56

A horse pulling a cart. A lantern hanging on the cart. That’s what Fiona had seen. One rider. Bundled up so that only the eyes were visible. The most recognizable thing about him was the cart. They heard it long before the rider reached them. A loud screeching noise that, at first, Adelaide assumed was the wind. Instead, it was the unlubricated axles of this, a Red River cart. The rider slowed their horse and stopped before the women.

Bertie Brown lowered her scarf. Adelaide looked her way. Bertie was smiling.

“Mr. Cardinal,” she said. “I thought I’d missed you this time.”

“Did you find your barley?” he asked, his voice coming out muffled through the cloth covering his face. “I left it on your doorstep.”

“It was there,” Bertie assured him.

She lost her breath for a moment. When was that? A year ago? A day ago? How would she mark time now? Before Adelaide’s story and after it. Did Bertie Brown believe the story? That was a better question. The answer was yes. But only in the abstract. What Bertie did believe in, felt it deeply, was that Adelaide had a sister and that woman had been mistreated, abandoned, and needed to be found. This was all she really needed to know, or believe in.

Fiona said, “I thought you’d be back in Saskatchewan already.”

Clement Cardinal lowered his face covering. He had a thick mustache but no beard. His thin face looked drawn. He wondered if he looked as tired as he felt. He’d been sorry to miss the hospitality of the Blind Pig, one of the few places on his routes where he felt truly safe.

“Saw six white men headed west on horseback,” Clement said. “I decided to head the other way.”

“Headed west?” Adelaide asked. “Where?”

He turned and gestured behind him.

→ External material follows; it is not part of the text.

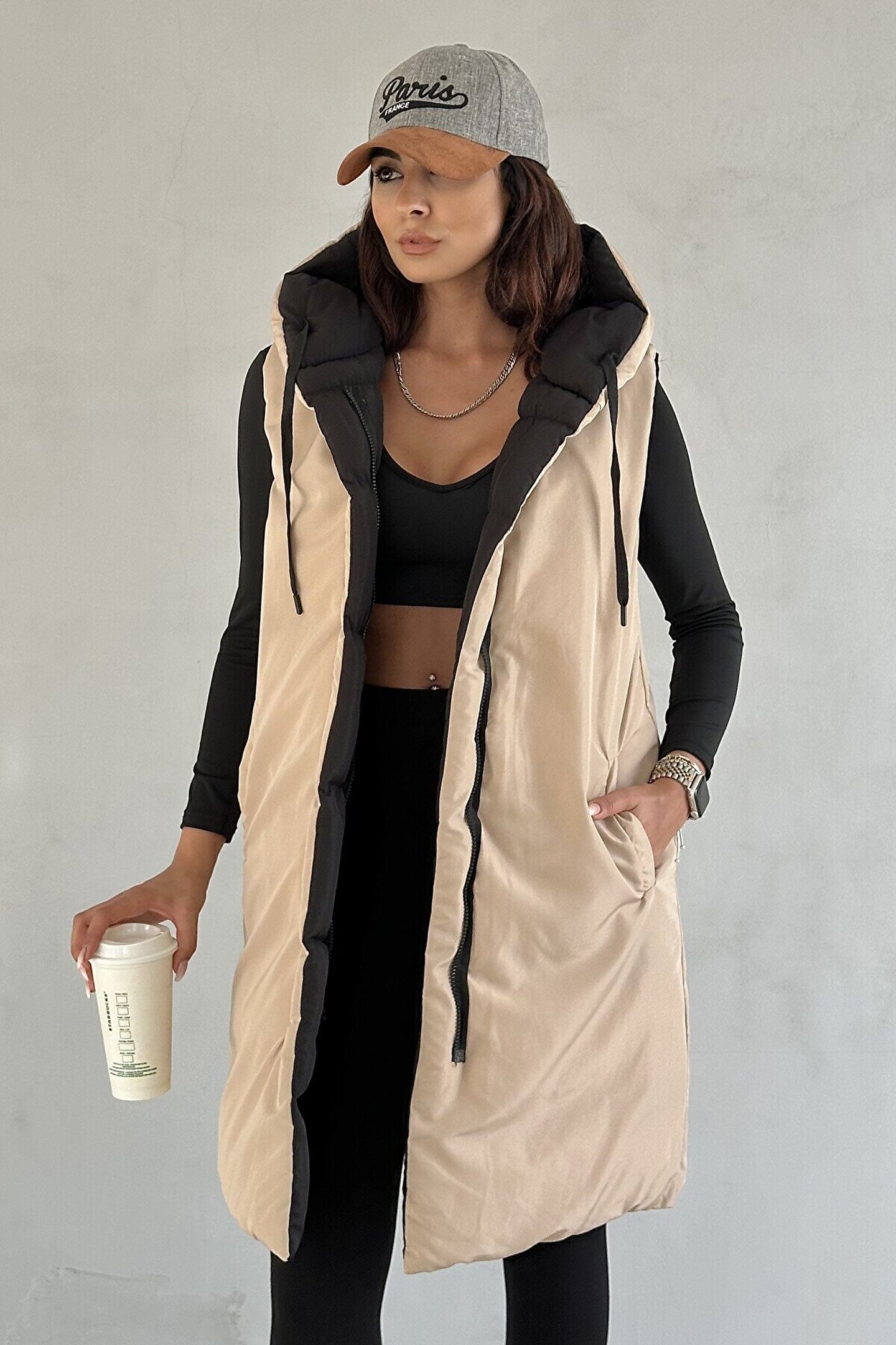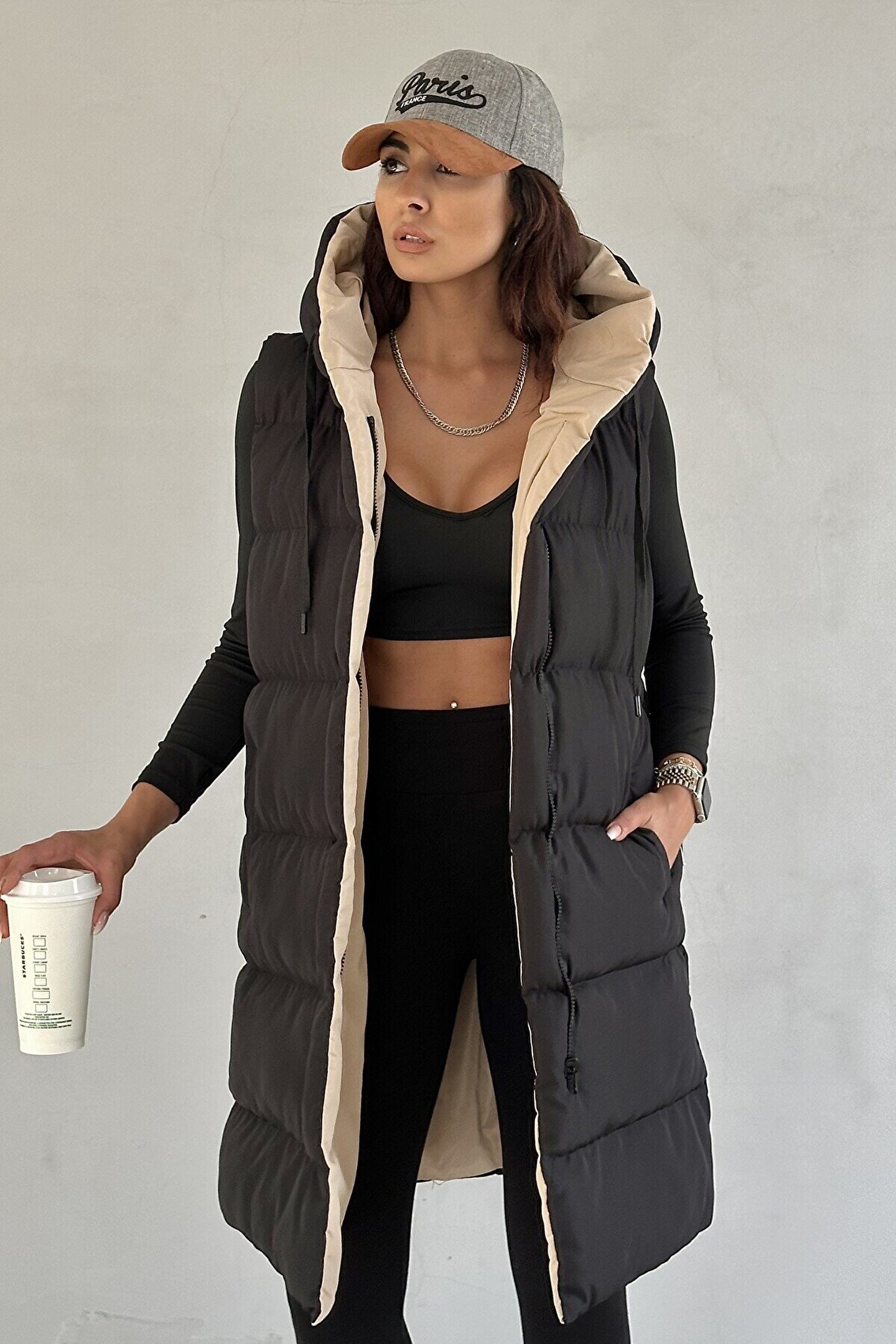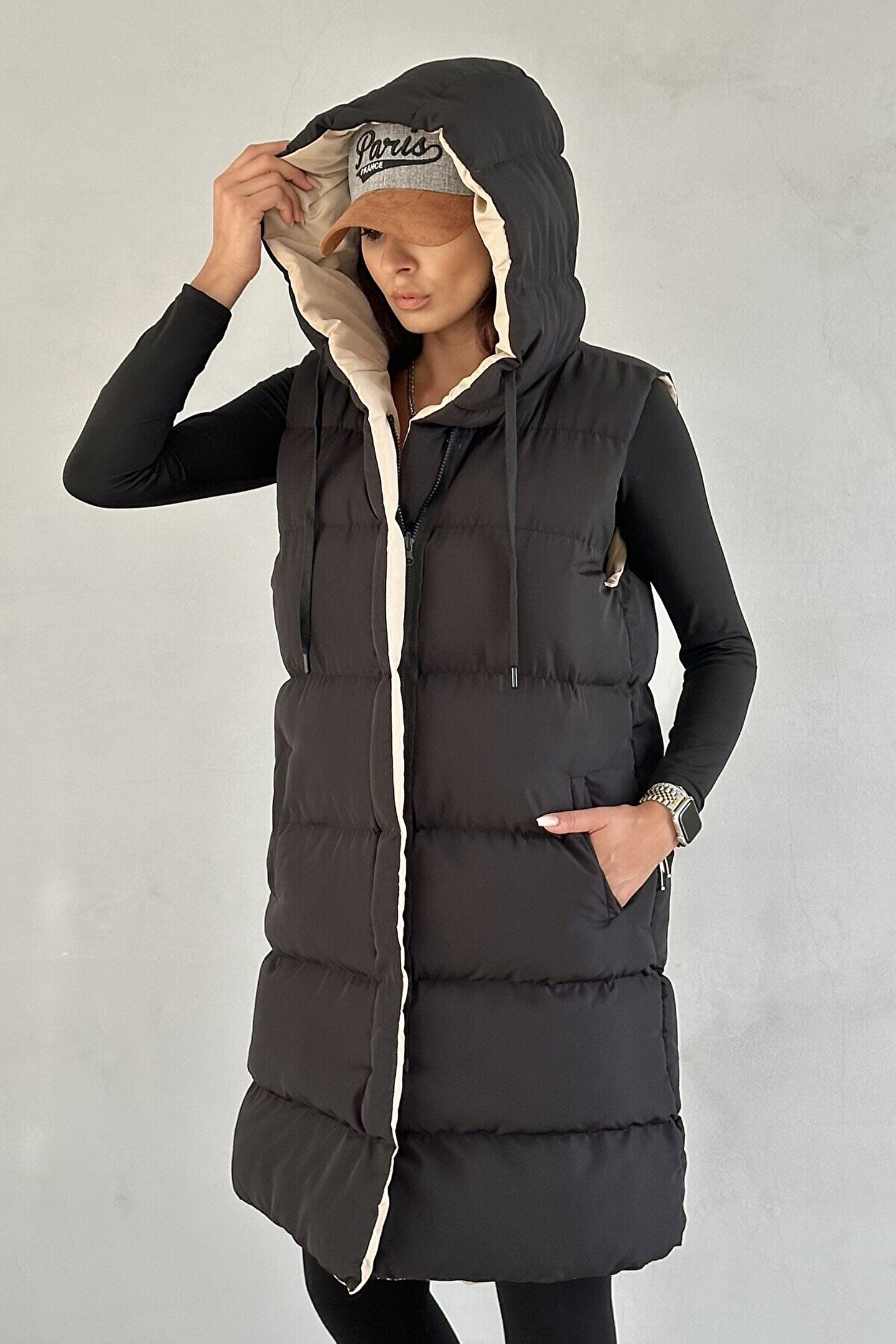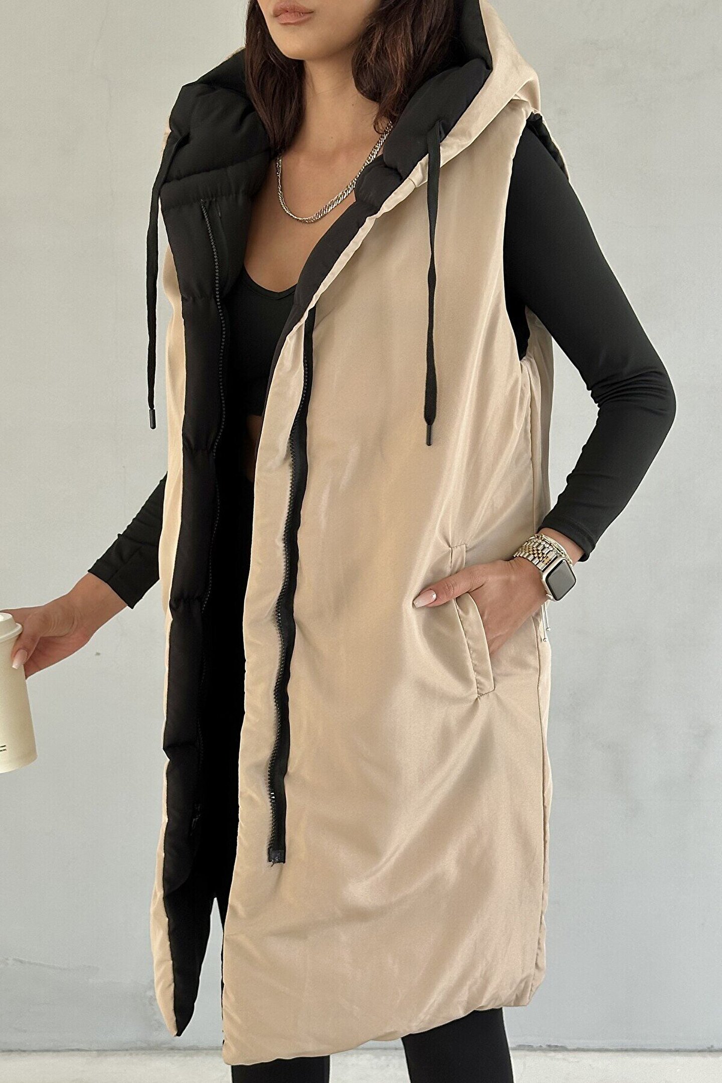 moda armanc Kadın Çift Taraflı Uzun Şişme Yelek Kapüşonlu Oversize - Siyah, Bej

There were, quite possibly, a thousand destinations in that direction, but one of them, most definitely, was familiar.

“My cabin,” Adelaide said.

Clement focused on this new woman now. New to him. Larger than the others, larger than him. Both Bertie and Fiona stared at her, and Clement quickly understood who that posse of white men were after.

“I don’t know your name,” he said.

“That’s Mrs. Henry,” Bertie told him.

“Hello, Mrs. Henry. I’m sorry to bring what sounds like bad news.”

All four of them remained quiet for a moment. The growl of the wind was like their minds grinding collectively.

“My cart is nearly empty,” Clement offered. “Only a few furs I couldn’t sell.”

He looked at Adelaide.

“You could climb inside, tuck under them, I’ll have you across the border by morning.”

“You would do that?” Adelaide asked. “You don’t even know me.”

He used two fingers to tip just the edge of his wide-brimmed hat. “A woman in trouble can always count on me. Come live with the Métis, we’re more civilized than the Americans and the Canadians.”

Bertie shook her head. “Stop flirting with her, Mr. Cardinal.”

“I’m not flirting!” he shouted.

Was he flirting?

In the middle of the night on the plains of Montana, with a posse of white men seemingly hunting for this woman? No. He wasn’t flirting. Yet.

But would he flirt once he helped her reach safety? Definitely yes.

“I’m grateful, Mr. Cardinal, but I can’t accept your offer.”

Adelaide looked away from her cabin, scanning the landscape. Elizabeth hadn’t been back to the cabin since the death of the Mudges. She doubted her sister would be there now. But where else then?

She tried to know her sister, meaning to capture some essence of how she might be thinking. It hurt to do this, because it required admitting Elizabeth was a thinking being, and any thinking being that had been locked away for so long would be filled with rage. Elizabeth had already released some of that rage on their parents, but Adelaide doubted that would absolve her. She understood what was waiting for her when she greeted her sister. Vengeance, rage, retribution. All of it well deserved. Did I do enough? Why even ask the question when the answer was so clear? Nowhere near enough.

When she saw the mountains, she knew the answer. Felt it. Where else could Elizabeth go? She pointed so the others would look.

“You don’t have to come with me,” she told them.

Bertie and Fiona tugged their reins to turn their horses.

Clement Cardinal raised one hand. “I don’t know what’s happening, but I’m not going up on a mountain in the middle of the night.”

Adelaide laughed; it felt good to do that just now. “I don’t blame you.”

Bertie waved for Clement’s attention. “Will you go back to the Blind Pig and wait there? You can rest, eat and drink whatever you like.”

“I would love to sit by a fire for a little while,” Clement admitted. “But what if that posse comes to your establishment after they don’t find Mrs. Henry at her place? They must know you all are friends.”

Fiona looked to him. “Then we will meet you in Saskatchewan.”